WordPress? Tumblr? Posterous? Joomla?
WordPress? Tumblr? Posterous? Joomla?

WordPress? Tumblr? Posterous? Joomla?

A few more days into the project and we are faced with the ‘which platform’ decision. WordPress (which I use for my own blog) is IHMO excellent. It provides a wide range of themes, plugins, widgets and more. The initial set up seems to require some serious planning and the value of that planning only comes to fruition when content has been added. It is a fairly straightforward writing tool that is then perhaps compliicationed by categories, tags, pages, Is this the best platform for teachers new to blogging.

This conversation led us to review first, tumblr second, Posterous. Many moons ago, Tumblr was one the first blogging platform I used. It was a very intutitive piece of webware but I grew in confidence, I moved on other tools.
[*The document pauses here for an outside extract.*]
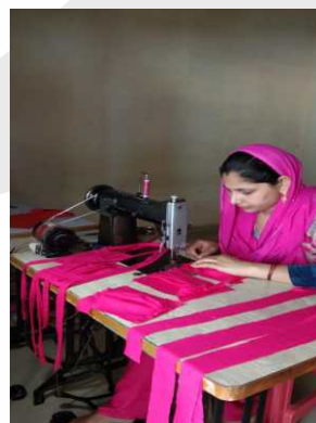
Made by Cloth facemasks

In contrast to WordPress, Tumblrs user interface is very simple – a great starting point.

7 simple options for 7 simple posts. A couple of features I like, you can embed a Tumblr, so the potential for tumblrof the week on the school website is possible. Of course there is an APP for that and you can submit posts via email and aggregate tumblr posts to a Twitter or facebook feed (not that we use eother here at Hamble College, yet). Tumblr can be customised and pointed at your own domain (see Stuartridout.com for IT inspiration).

Next much in the news Posterous, apparently ‘Waging war on WordPress.’ I have spent half an hour setting up KristianStill.posterous and in all fairness, it is fairly straight forward. There is a lot of social connectivity, but I am not sure that all the features are needed or wil be employed by the staff. What I do like is the ability to add contributors.

Finally, our E-Resources Manager is keen to look at a centralised Joomla installation. He would like to investigate a tool where staff merely edit the front end and display articles. This way all blogs will be on ht eone site, rather than many sites connected on a blog roll.